## EXERCISE
Go to the line with "Solight LED žárovka" in the records below, then output it and each following line exactly, up to and including the line with "Yeşil waffle pike". Skip pictures and add nothing.

## DATA PROVIDED
──────────────────────────────

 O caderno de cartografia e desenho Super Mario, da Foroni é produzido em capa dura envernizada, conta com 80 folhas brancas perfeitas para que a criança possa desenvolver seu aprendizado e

──────────────────────────────

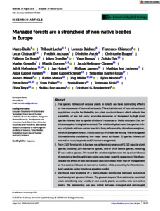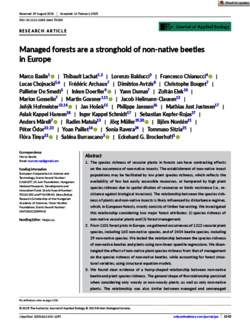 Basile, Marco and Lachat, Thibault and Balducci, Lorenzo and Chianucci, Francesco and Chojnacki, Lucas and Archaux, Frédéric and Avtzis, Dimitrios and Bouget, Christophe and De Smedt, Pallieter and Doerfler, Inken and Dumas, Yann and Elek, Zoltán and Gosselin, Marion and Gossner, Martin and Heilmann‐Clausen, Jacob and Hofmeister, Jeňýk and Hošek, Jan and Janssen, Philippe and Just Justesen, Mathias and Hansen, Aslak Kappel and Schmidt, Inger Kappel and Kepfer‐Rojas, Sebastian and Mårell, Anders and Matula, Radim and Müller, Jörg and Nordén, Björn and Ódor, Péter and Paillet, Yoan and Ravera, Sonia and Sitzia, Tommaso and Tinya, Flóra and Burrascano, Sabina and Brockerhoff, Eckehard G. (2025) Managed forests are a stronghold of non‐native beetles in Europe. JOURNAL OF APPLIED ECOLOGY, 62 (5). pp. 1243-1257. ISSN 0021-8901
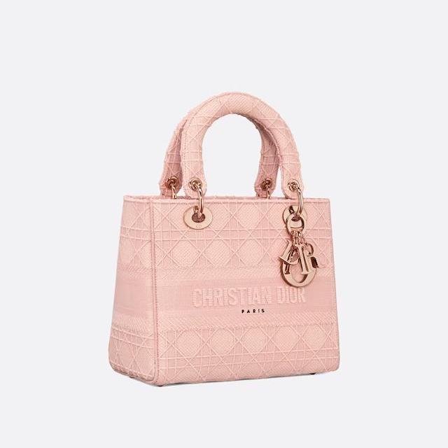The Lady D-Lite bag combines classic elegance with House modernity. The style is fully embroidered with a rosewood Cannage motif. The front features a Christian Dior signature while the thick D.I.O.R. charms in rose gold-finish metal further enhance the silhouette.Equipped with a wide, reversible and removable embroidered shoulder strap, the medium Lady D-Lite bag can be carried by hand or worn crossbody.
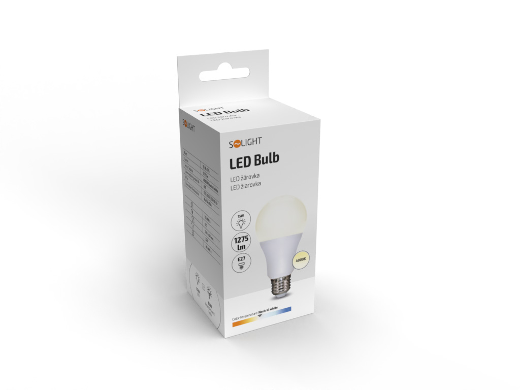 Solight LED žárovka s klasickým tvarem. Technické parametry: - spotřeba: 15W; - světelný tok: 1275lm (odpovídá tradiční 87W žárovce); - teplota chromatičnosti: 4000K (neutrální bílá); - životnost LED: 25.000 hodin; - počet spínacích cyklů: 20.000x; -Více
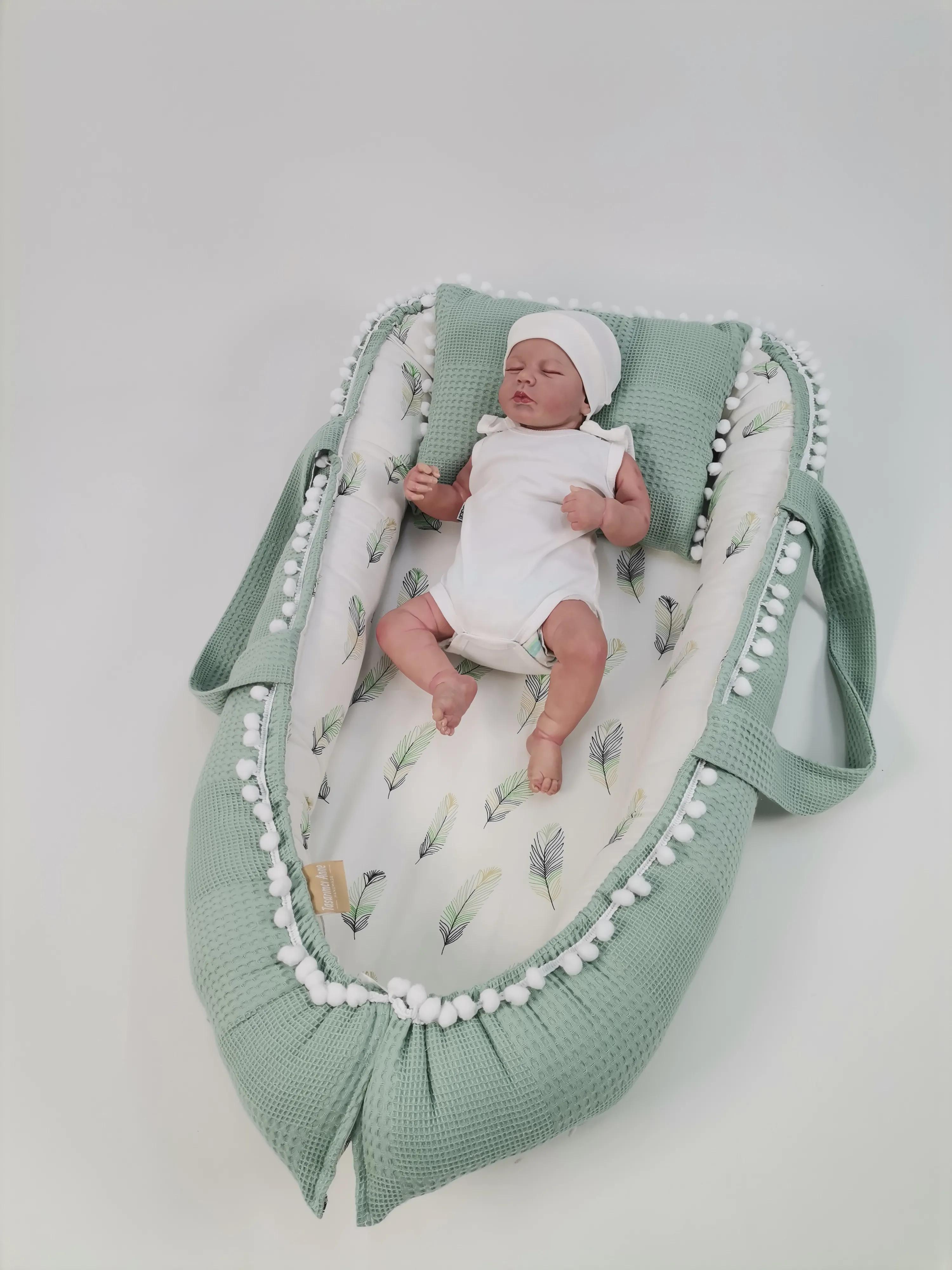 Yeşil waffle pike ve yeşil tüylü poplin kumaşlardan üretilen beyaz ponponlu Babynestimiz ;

──────────────────────────────

## RESPONSE BOX
 Solight LED žárovka s klasickým tvarem. Technické parametry: - spotřeba: 15W; - světelný tok: 1275lm (odpovídá tradiční 87W žárovce); - teplota chromatičnosti: 4000K (neutrální bílá); - životnost LED: 25.000 hodin; - počet spínacích cyklů: 20.000x; -Více
 Yeşil waffle pike ve yeşil tüylü poplin kumaşlardan üretilen beyaz ponponlu Babynestimiz ;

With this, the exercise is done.